Все продолжались бесконечно эти голоса, и, замирая, откликался хор. Иногда начинали петь что-то длинное и громкое, точно обещая какую-то радость, а потом опять грустно и безнадежно читал одинокий равнодушный голос. Становилось тяжело стоять, и казалось, что этому конца не будет.
«Господи, как долго! – с тоской подумал молоденький корнет. – А странно: вот он лежит и ничего не слышит… Нам грустно, а ему уже все равно… Хоть бы конец скорее!.. И неужели он ничего не чувствует?.. Так-таки ничего… даже не чувствует, что уже ничего не чувствует?..»
Молоденький корнет засмотрелся на высоко возвышающийся мертвый профиль, смутно очерченный под дымкой кисеи. Краем уха он слышал те же непонятные слова и перепевы хора, но мысли его расплывались, – он задумался.
Представилось ему, что рано или поздно, а будет и он сам лежать вот так же, под белой кисеей со смертным венчиком на лбу и сложенными на груди руками… Так же будут петь и кадить вокруг него, так же будет литься в окна холодный белый свет и высоко в куполе будет так же плавать Бог Саваоф с распростертыми, не то благословляющими, не то проклинающими руками… Но он уже ничего не будет видеть и слышать… И это будет, непременно будет!.. Это ничего не значит, что вчера кутили у Назимова, и он проиграл пятьдесят рублей поручику Колпакову… ничего не значит, что он сейчас живой, стоит, слушает и думает… ничего не значит, что Катя вчера рассердилась за то, что он хотел поцеловать ее, и ударила его по рукам… милая Катя!.. И все-таки он будет лежать и ничего не видеть и не слышать!.. Страшно!.. И как это никто как будто и не думает об этом? Об этом, в сущности, только и надо думать, потому что в конце концов только ведь это и будет!.. Неужели будет?

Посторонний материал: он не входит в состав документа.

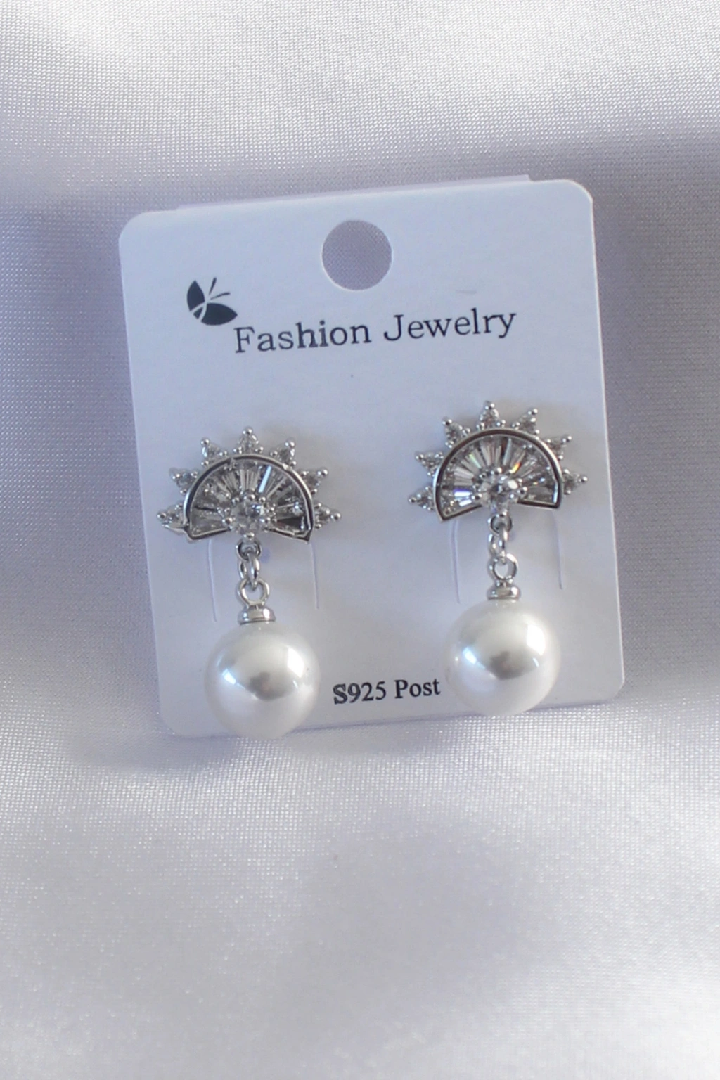 Gümüş Renk Zirkon Taşlı Sallantı İnci Model Kadın Küpe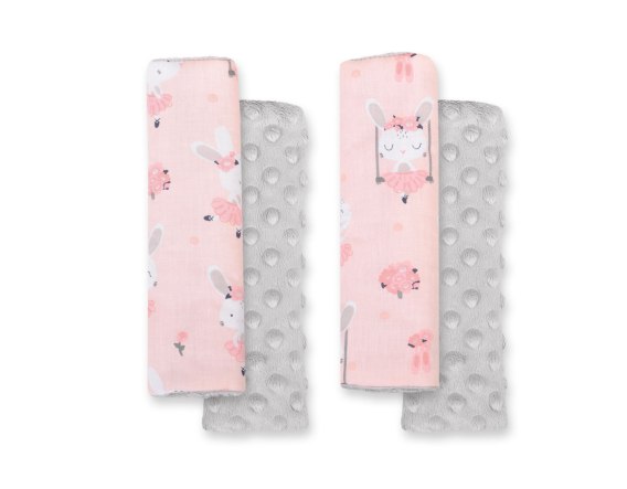• Ochraniacze na pasy BOBONO do wózka minky- króliczki baletnice różowe/szary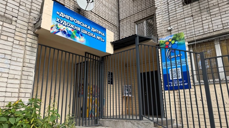 У Дніпрі у філії міського комунального закладу культури «Дніпровська дитяча художня школа № 1» було проведено комплексний ремонт вхідної групи та прилеглої території. До початку робіт будівля перебувала в незадовільному стані: зовнішні елементи (ґанок, дашок, мощення) та застарілі вікна й двері потребували відновлення, що створювало проблеми з теплозбереженням. Крім того, гостро стояло питання безпеки, оскільки біля входу збиралися особи з низькою соціальною активністю.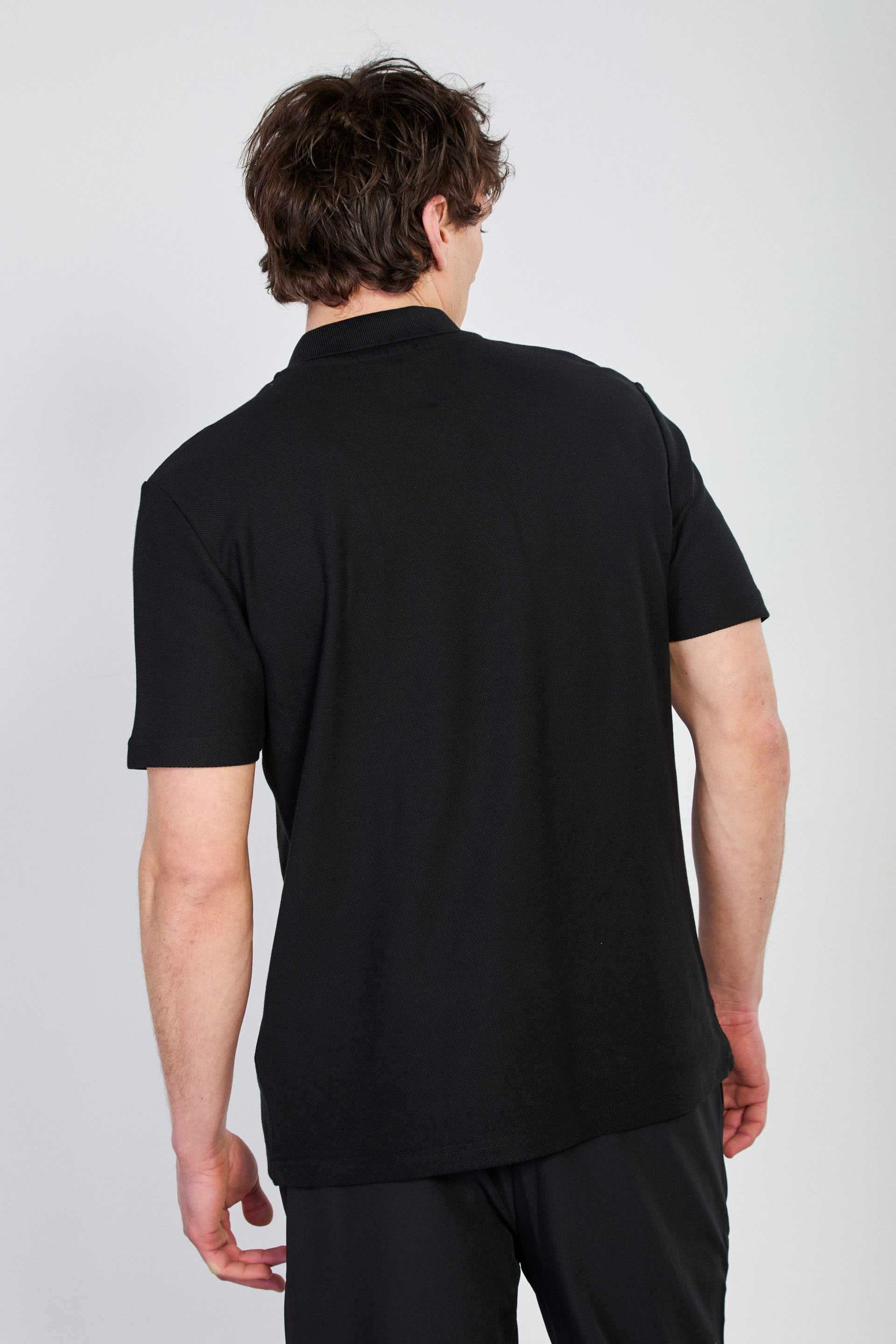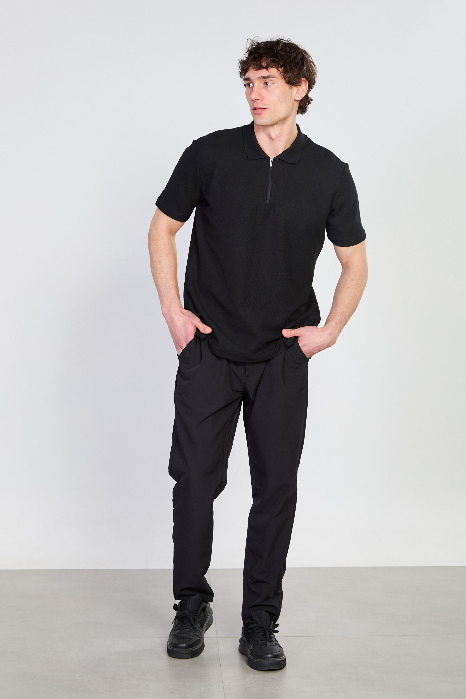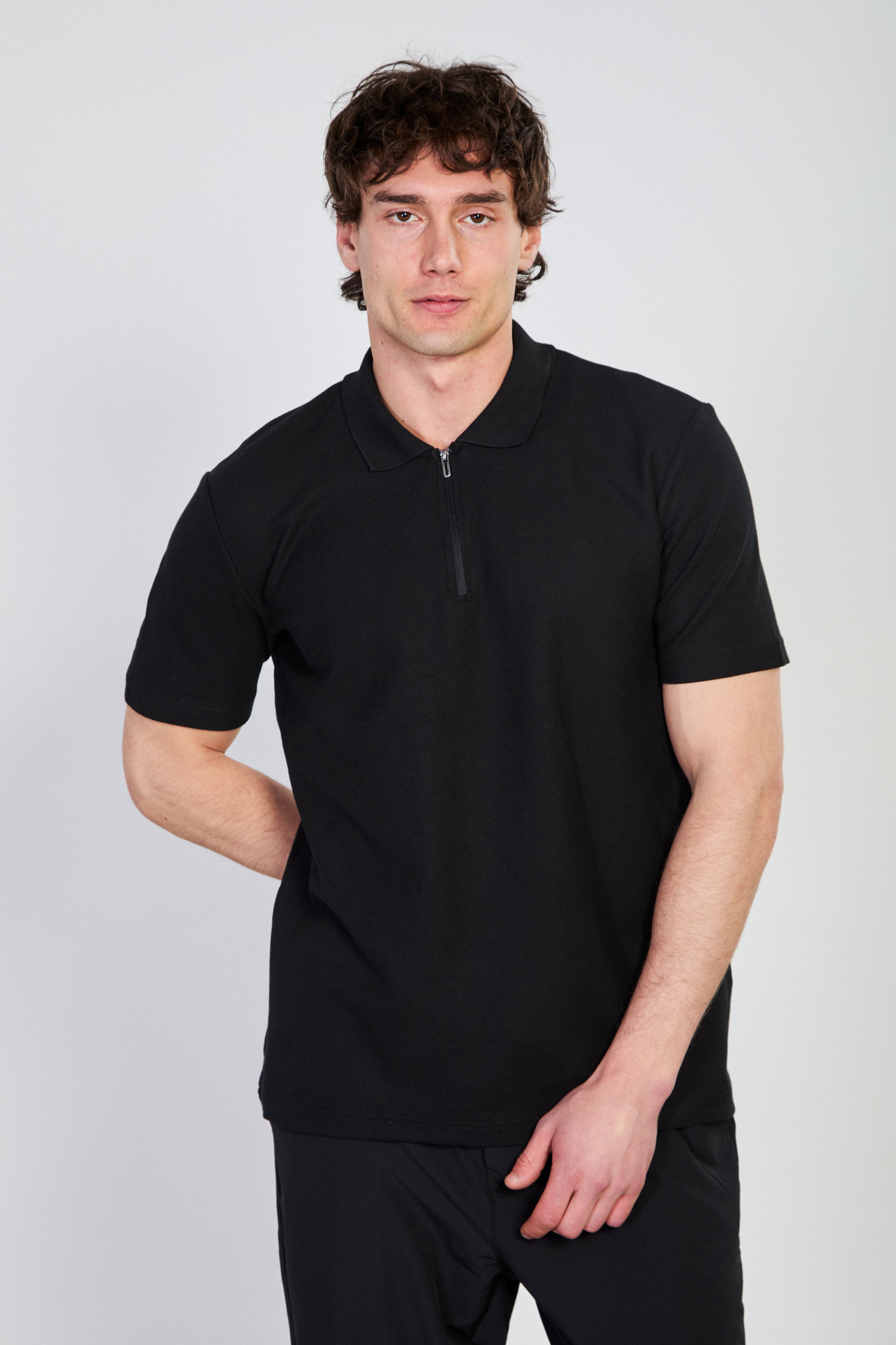 Erkek Fermuarlı Polo Yaka T-Shirt - Siyah

Молоденький корнет попробовал, как это будет, и закрыл глаза. Но сейчас же с испугом открыл.
– … зряще мя безгласна и бездыханна, восплачите о мне, братие и друзи, сродницы и знаемии… но приидите вси любящие мя и целуйте мя последним целованием!..
«Бедный, бедный Краузе!» – подумал молоденький корнет, и слезы повисли у него на ресницах.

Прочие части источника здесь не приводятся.